This article is actually about hope and charting a way through and beyond this collective systemic disintegration, so my apologies for taking us to such a dark bleak place. However, I do think that there is a strong correlation between becoming a more effective agent for change and removing one’s rose-tinted spectacles. Curiously, I think there is a case to be made for our sense of personal agency increasing the more we realise the extent to which we are being effectively abandoned by the institutions that are meant to give our collective lives a framework of stability and predictability. [7]
Since 2010 I have been pinning my hopes on SME businesses and third sector initiatives to help turn things around and I founded The Ethical Small Traders Association (ESTA) [8] to help accelerate the process of positive change within my own community.
But I have learned that merely helping businesses and third sector organisations become better at what they do is, in itself, not enough, because the overarching frameworks that serve as the glue or template that holds human civilisation together are themselves in need of radical reform.
No single organisation, whether it is embedded in the private, public or third sector, or even groups of organisations can make any real effective change because the wider social frameworks in which they are situated is itself in need of radical reform or, to be more accurate, needs to be transcended by an evolutionary leap in collective organisational comprehension and new forms of meaningful engagement.
To envisage more clearly what I am referring to here I think that the mycelial fungal nets that saturate soil structure and provide interconnecting conduits for multiple and diverse forms of plants and animals to interconnect, thrive and exist [9] forms a good structural analogy for what I am trying to characterise.
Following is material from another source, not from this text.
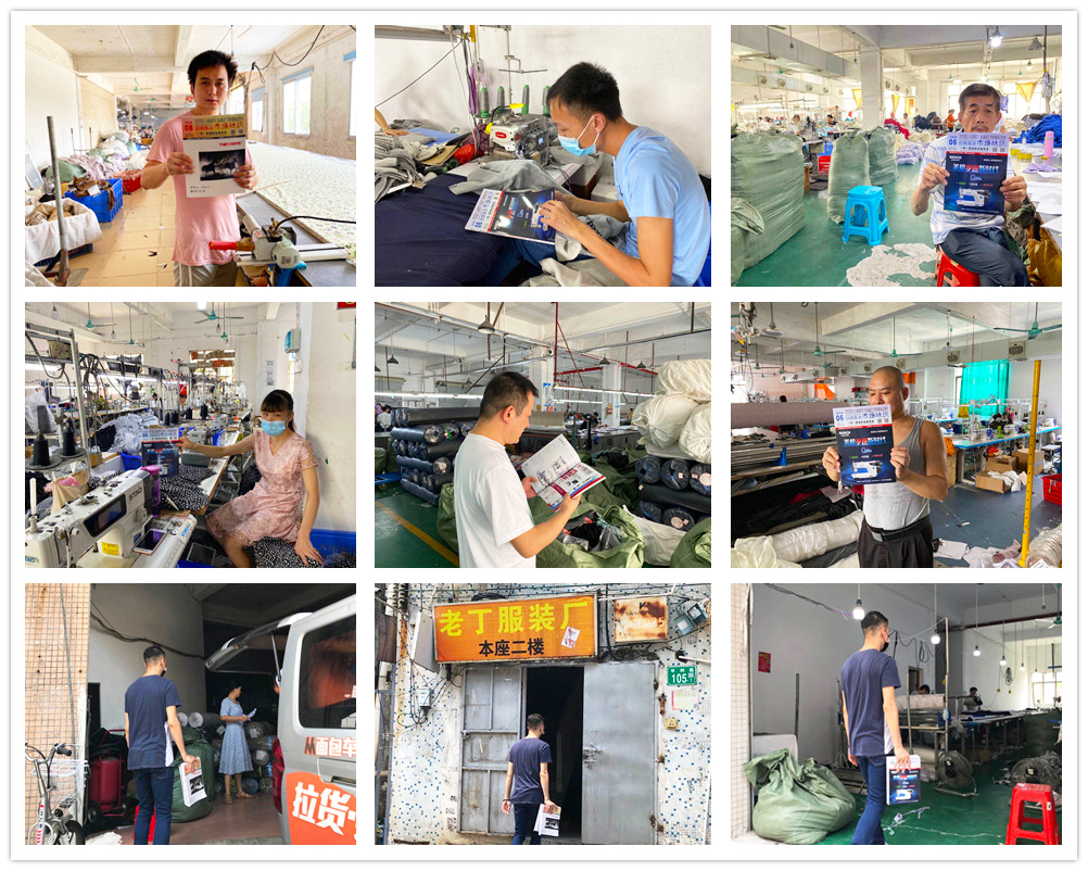 記者向這里的各個廠家派發(fā)了行業(yè)期刊《紡織制衣市場快訊》,并與大家交流服裝行業(yè)復(fù)工復(fù)產(chǎn)情況。據(jù)服裝工人們的介紹,自疫情以來,外貿(mào)訂單紛紛取消或延遲。不過現(xiàn)在國內(nèi)的訂單已經(jīng)逐漸恢復(fù),特別是網(wǎng)購訂單。以前是以淘寶訂單為主打,現(xiàn)在拼多多的訂單也逐漸多了起來。

Pushing this analogy a bit further I would contend that the institutional ‘mycelial’ networks that we have underpinning our social organisational forms, which are supposed to regulate and stabilise human activity at the collective level, have been infected by ‘rogue institutional pathogens’ and increasingly unsound operational principles.
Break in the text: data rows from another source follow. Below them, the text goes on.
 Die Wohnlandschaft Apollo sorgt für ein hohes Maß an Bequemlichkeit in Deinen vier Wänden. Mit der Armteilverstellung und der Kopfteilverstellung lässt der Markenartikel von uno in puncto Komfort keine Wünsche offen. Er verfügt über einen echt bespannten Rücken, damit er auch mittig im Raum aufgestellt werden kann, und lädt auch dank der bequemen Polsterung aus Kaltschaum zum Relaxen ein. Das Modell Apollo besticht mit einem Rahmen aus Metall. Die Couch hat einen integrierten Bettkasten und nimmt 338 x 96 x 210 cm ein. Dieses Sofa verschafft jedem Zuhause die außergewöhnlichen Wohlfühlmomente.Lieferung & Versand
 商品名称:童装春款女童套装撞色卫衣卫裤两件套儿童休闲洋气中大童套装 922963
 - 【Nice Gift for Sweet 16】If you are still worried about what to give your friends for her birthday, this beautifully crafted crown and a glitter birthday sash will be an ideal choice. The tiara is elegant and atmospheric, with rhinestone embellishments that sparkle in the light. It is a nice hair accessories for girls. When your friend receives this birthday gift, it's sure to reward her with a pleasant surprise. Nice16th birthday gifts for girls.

I don’t think that the collective social platforms we need really exist yet, although we can increasingly feel the need for them and can begin to identify some of the features they need to have. Meanwhile, our existing institutional platforms are increasingly not fit for purpose.
The purpose of this article is not to characterise in detail what these new structures should look like and how they operate (that will be covered in future articles) but to shift our gaze away from particular organisations and organisational forms in order to instead focus on the entire human organisational landscape.
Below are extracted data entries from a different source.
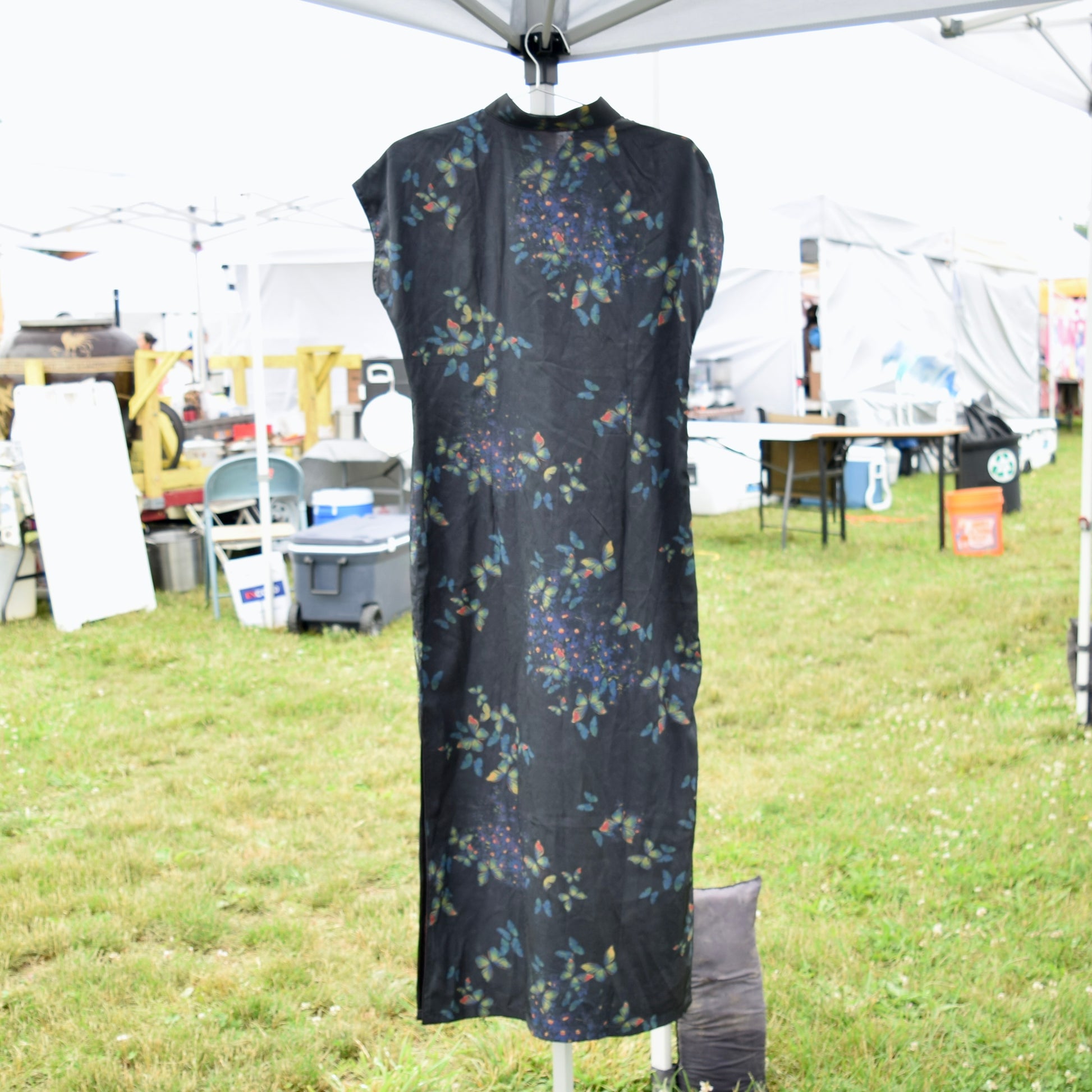 Black Butterfly Printed Qipao Long Dress - Chinese Traditional Cheongsam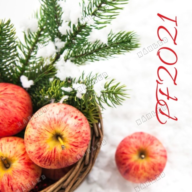 Vánoční přání s košíkem jablek s větvičkou ve sněhu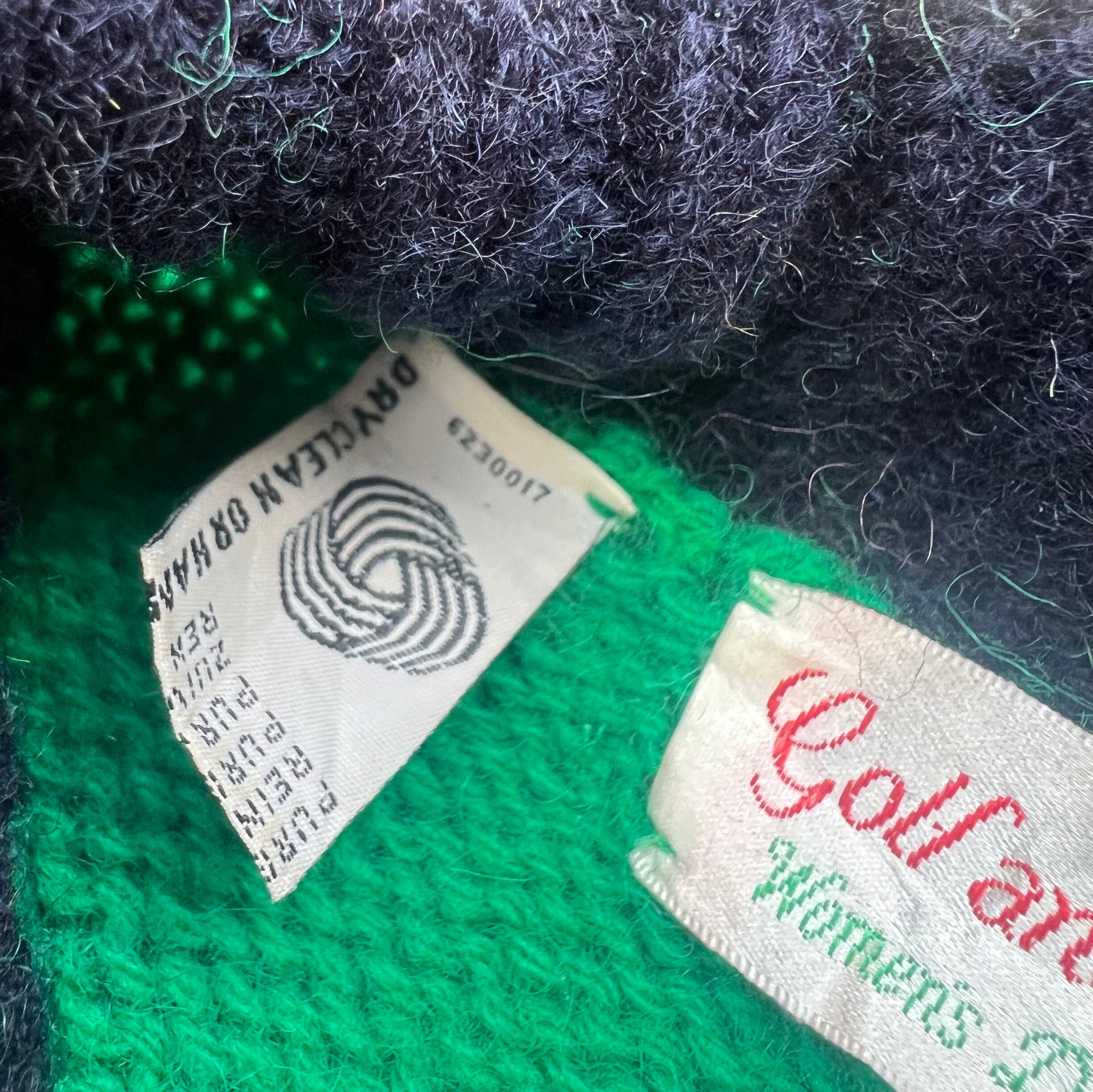 グリーンとネイビーの配色が目をひくタートルニットプルオーバー。

This short article proposes an initial map or sketch of what that landscape looks like. It is designed to get us thinking and imagining what the entire human socio-economic framework, or assemblage of frameworks, looks like, with particular reference to what kind of futures various elements within this framework are driving us towards.
If we pick a point in the future, say 2050, and use our imaginative and analytical faculties to follow through on various scenarios, what kind of world might we be living in by then? I choose 2050 because that is the date used by the global scientific community as an end point for completing the transition to a zero-carbon civilisation, [10] which is one of the many things we have to do to create a fair and equitable world that takes us on a committed pathway to establishing a re-balanced relationship with the Earths environmental systems.
In the book “The Future We Choose” [11] Christiana Figueres and Tom Rivett-Carnac characterise both a utopian and a dystopian 2050 scenario, which serves as a very good reference point for the primary polar directions we do and don’t want to head towards. I think this provides a very good imaginative starting point and clearly indicates that the future we collectively choose is going to be determined by the direction of travel that various social and institutional groupings decide to adopt or are adopting.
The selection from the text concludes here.